Provider support for Anthropic, OpenAI-compatible providers, and xAI.
A large built-in tool registry with shell, file operations, search, web, skills, MCP, sub-agents, tasks, LSP-style surfaces, and planning tools.
Permission modes and allow/deny/ask rules enforced before risky operations.
JSONL session persistence and in-process compaction that preserves recent messages and tool-use/tool-result pairs.

The Design Space

The two systems are not opposites. They solve the same problem with different default bets.

Dimension	Codex	Claw
Primary safety strategy	Sandbox plus approval orchestration	Permission policy plus per-tool checks
Tool philosophy	Fewer, more general tools	Many named tools with structured behavior
Main editing primitive	Patch application	File write and string replacement
Prompt strategy	Compiled base instructions plus runtime context	Modular prompt builder with project memory
Conversation model	Turn-oriented runtime	Session runtime with a Claude-style loop
Sub-agent model	Thread/session based agent control	Fresh runtime jobs with role-scoped tools

Mental Model For The Rest Of The Book

Each chapter studies one layer of the same pipeline:

def coding_agent_stack():
    request = receive_user_input()
    context = collect_project_and_history_context(request)
    prompt = assemble_model_prompt(context)
    response = call_model(prompt)
    tool_calls = parse_tool_calls(response)
    approved_calls = apply_permissions_and_sandbox(tool_calls)
    observations = execute_tools(approved_calls)
    history = persist_and_compact(context.history, response, observations)
    return continue_or_finish(history)

The chapters are organized so that you can read them independently:

Architecture explains where these responsibilities live.
The agent loop explains how one request becomes multiple model/tool cycles.
Tool, search, and editing chapters explain the model's action surface.
Sandbox and permissions chapters explain enforcement.
Context, prompt, and model chapters explain what reaches the model.
Multi-agent explains how one agent delegates work to another.
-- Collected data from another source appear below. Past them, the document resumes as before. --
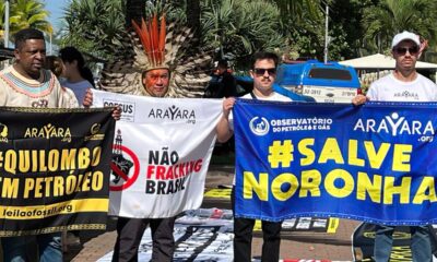 Um grupo de manifestantes protestou, nesta quarta-feira (13), contra o leilão de áreas de exploração de petróleo e gás natural, feito pela Agência Nacional do Petróleo, Gás Natural e...
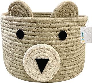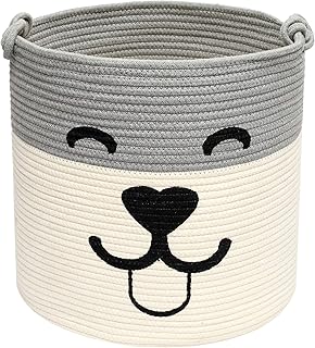 Bär-Korb, Baumwollseil, gewebter Wäschekorb, Spielzeug-Aufbewahrungskorb für Kinder, Kleidung im Schlafzimmer, Babyzimmer und Wohnzimmer, 25,4 cm (H) x 30,5 cm (T)
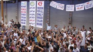 Troops fired with machine guns mounted on tanks in the town of al-Rastan on the main road north to Turkey.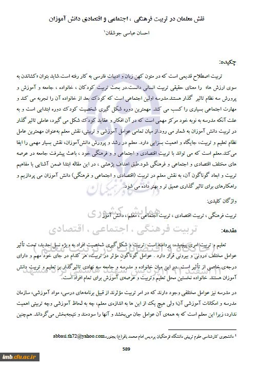 مقاله نقش معلمان در تربیت فرهنگی، اجتماعی و اقتصادی 3

Where Configuration, Plugins, MCP, and Skills Fit

Configuration, plugins, MCP, and skills are not one isolated subsystem. They are cross-cutting inputs to the whole agent runtime.
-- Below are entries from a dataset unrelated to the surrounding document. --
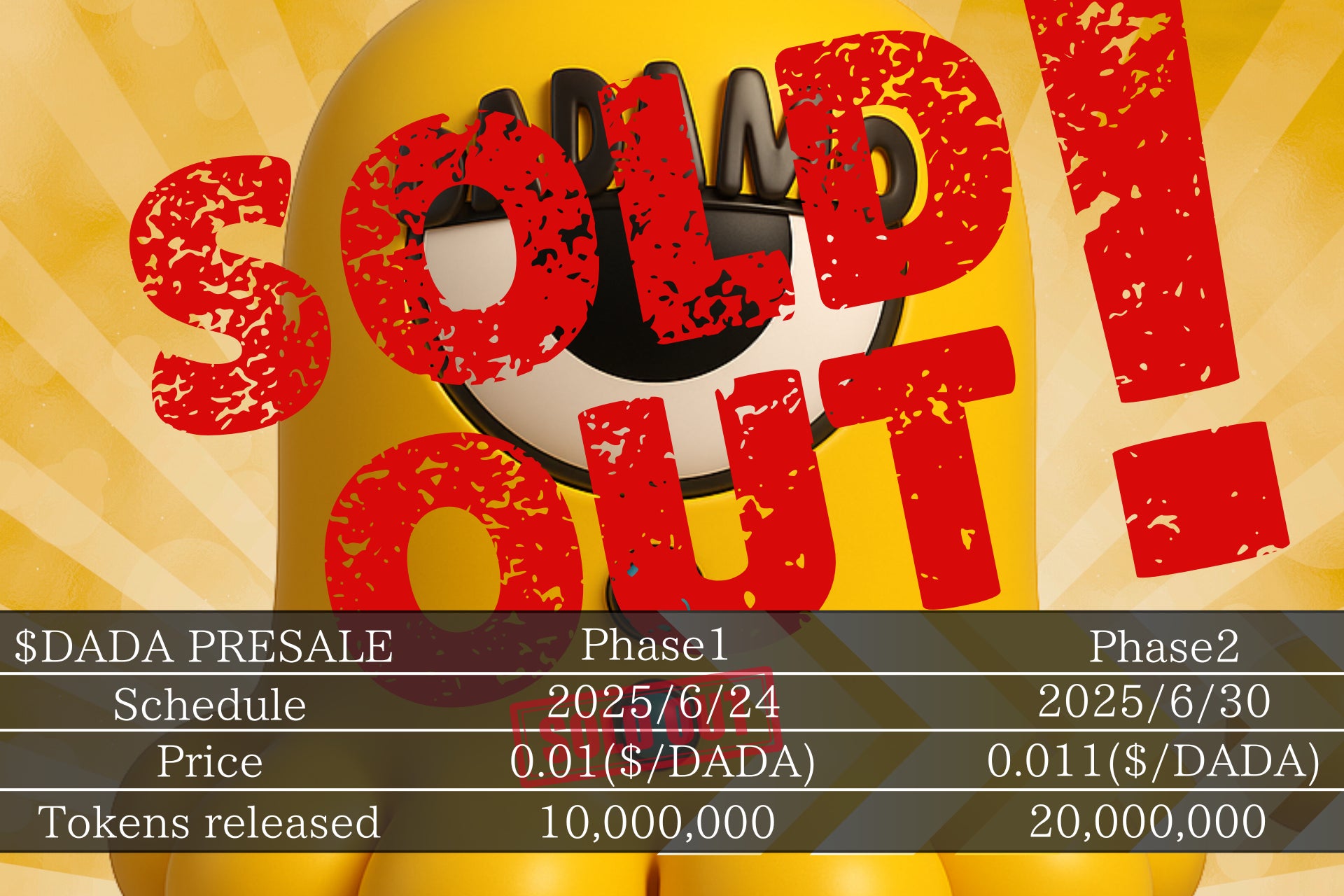 Web3メディアプラットフォーム「DADAMO(ダダモ)」(運営:ALEALAM INVESTMENTS/本社:UAE Dubai)の基軸通貨である$DADAトークンが、2025年6月24日00時00分(日本時間)に実施された初回プレセールにて10,000,000 DADA(約10万ドル相当)を即完売。累計販売数は早くも9,000万枚を突破し、今後のフェーズに向けて国内外からの注目と期待が急速に高まっています。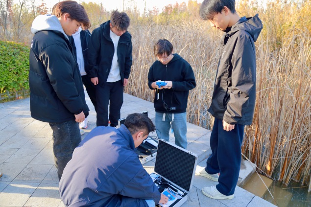 “脚下是采煤塌陷区蝶变的生态画卷,手中是赋能绿色发展的专业设备。这堂‘沉浸式’课堂,让大家深刻体会到环测专业‘测天绘地、护佑生态’的使命分量。”环测学院党委副书记孙婷现场为学生上了一堂微党课,她希望青春的环测人要坚定信念、锤炼本领、勇于担当,将个人理想融入生态文明建设。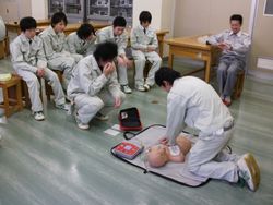 12月24日(金)午後1時より3時間にわたって普通救急講習会を実施しました。受講生は来年度、防災エンジニアコースを選択した21名です。消防署員の方の熱心な指導で、心肺蘇生法である胸部圧迫法とAEDの使い方を中心に講習していただきました。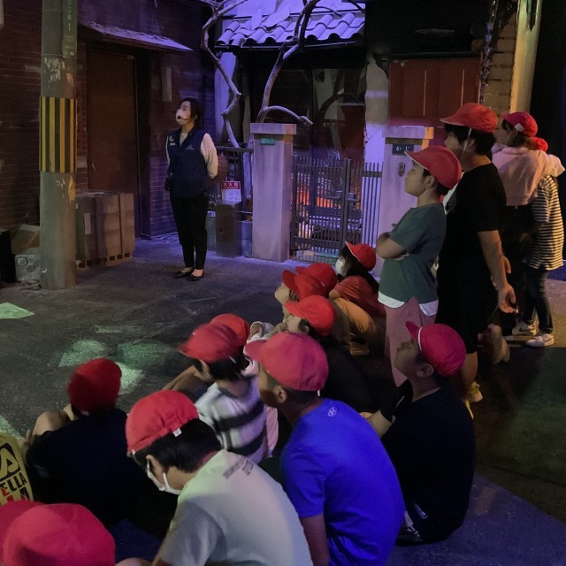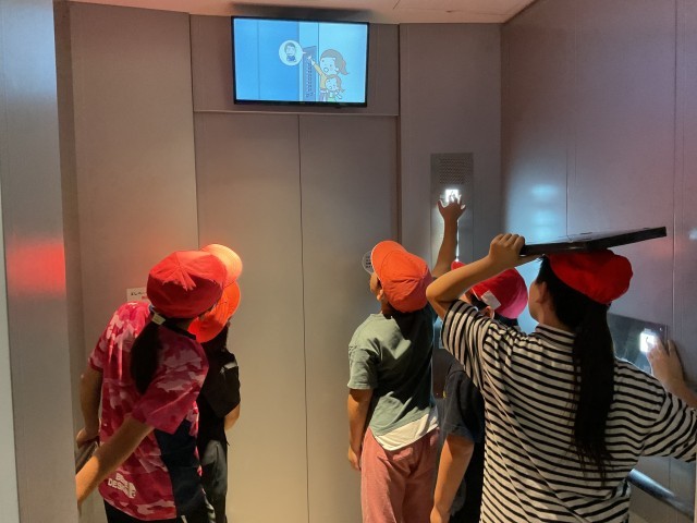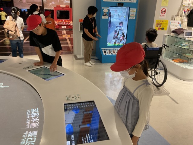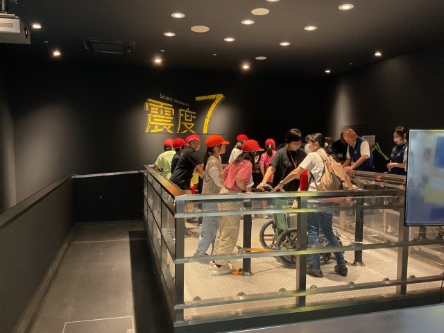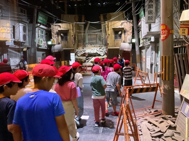 防災センターでは、震度7の体験をしたり、地震が起きた時に壁が崩れて行く様子をプロジェクトマッピングで体験したりしました。

def build_runtime_from_extensions(workspace):
    config = load_config(workspace)
    plugins = load_enabled_plugins(config)
    mcp_servers = connect_mcp_servers(config)
    skills = discover_skills(config, workspace)

    tools = build_builtin_tools()
    tools.extend(plugin_tools(plugins))
    tools.extend(mcp_tools(mcp_servers))
    tools.extend(skill_tools(skills))

    prompt_sections = [
        render_config_context(config),
        render_skill_context(skills),
        render_mcp_resource_context(mcp_servers),
    ]

    return Runtime(config=config, tools=tools, prompt_sections=prompt_sections)
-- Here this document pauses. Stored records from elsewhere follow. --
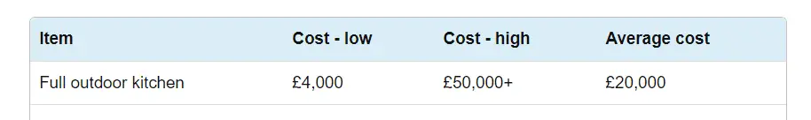 It is also the hardest to answer because it really does all depend on the clients desires and needs from an outdoor kitchen. BUT this table was put together by Checkatrade showing that full outdoor kitchens tend to begin at roughly £4,000 and can range anything up to £50,000+.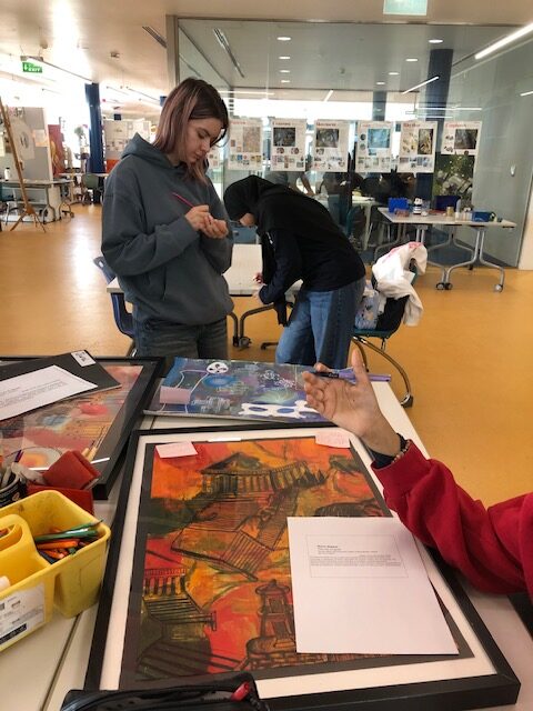 Our MYP Art Grade 10 students have just completed Criterion C of our Utopia Unit, where they finalized their artworks and reflected on their entire creative process. As part of this reflection, students engaged in Sticky Note Critiques, a simple yet powerful strategy for peer feedback. This method encourages quiet, thoughtful responses and ensures that even the most reserved voices in the classroom are heard. It also provides a time-efficient alternative to lengthy verbal critiques while still supporting meaningful dialogue about artistic growth.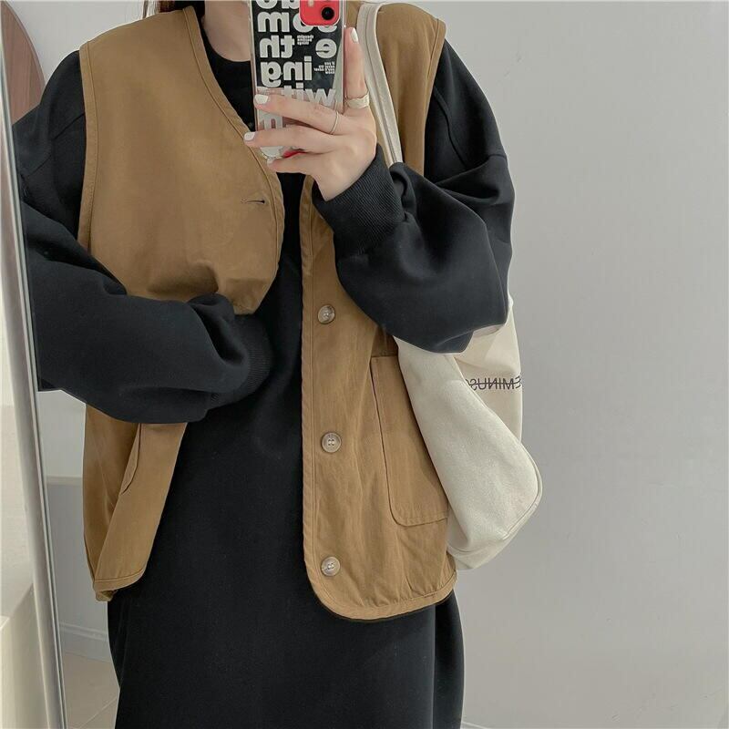 ベスト 綿 コットン ブラウン ブラック 黒 レディース 春夏 前開き おしゃれ OU-0014KM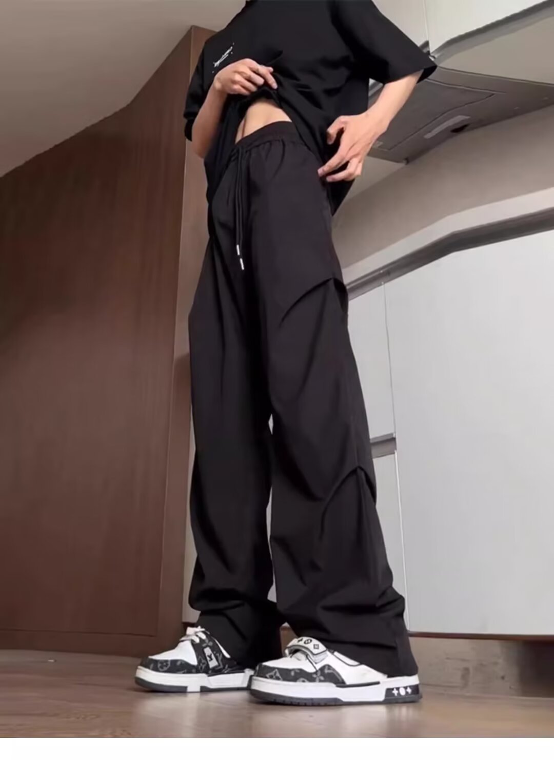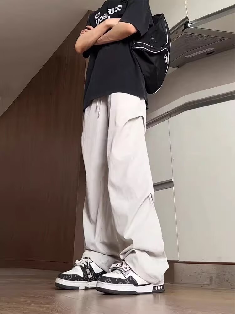 2024 여름 아이스 실크 쿨 센스 낙하산 캐주얼 바지 스트레이트 튜브 느슨한 넓은 다리 드롭 센스 슬리밍 올 매치 남자 트렌디스토어 가기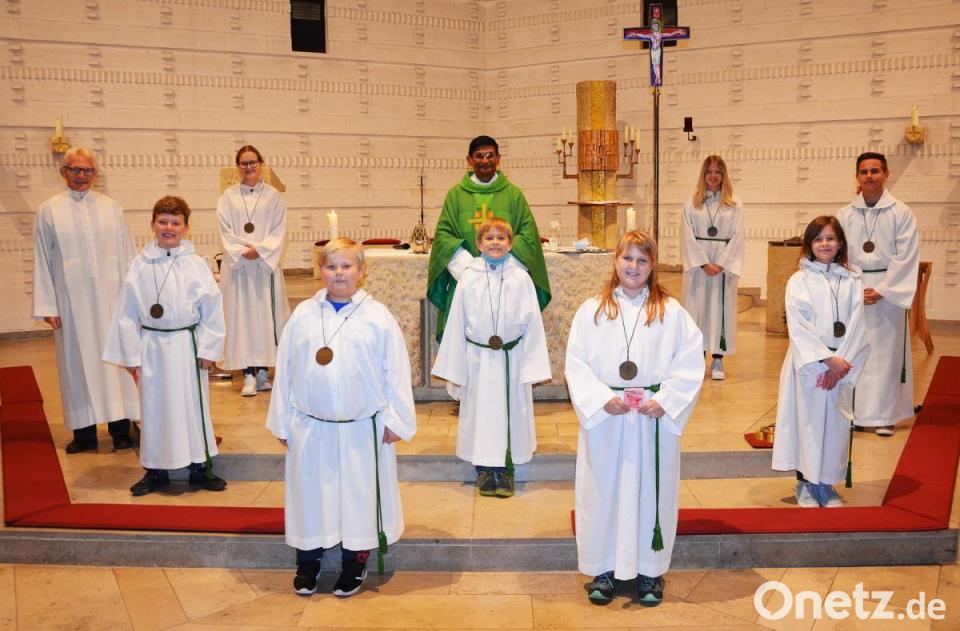 An Alina Hanauer, Eleonora Raps, Jannik Renner, Jonas Püttner und Johann Wiltsch überreichte der Geistliche als äußeres Zeichen ihrer neuen Aufgabe ein Kreuz zum Umhängen sowie den Ministrantenausweis. Die 17 Ministranten, die verabschiedet wurden, erhielten eine Dankesurkunde sowie von Oberministrantin Pia Schecklmann einen Engel aus Bronze. Im Anschluss an den Gottesdienst lud die Pfarrei alle Minis zu einem Pizzaessen in das Pfarrheim Sankt Josef ein.

This is why the rest of the book discusses them in several places:

Architecture covers where configuration and extension loading live.
Tool System covers how plugin, MCP, and skill capabilities become tools.
Prompt Construction covers how extension context reaches the model.
Permissions covers how extension-provided actions remain governed by policy.

Source Anchors

To keep the prose readable, the chapters avoid long source paths. When useful, they mention a small number of filenames as anchors. For Codex, names such as turn.rs, client.rs, orchestrator.rs, and history.rs refer to core runtime areas. For Claw, names such as conversation.rs, prompt.rs, permissions.rs, file_ops.rs, and tools/lib.rs refer to the local Claw implementation.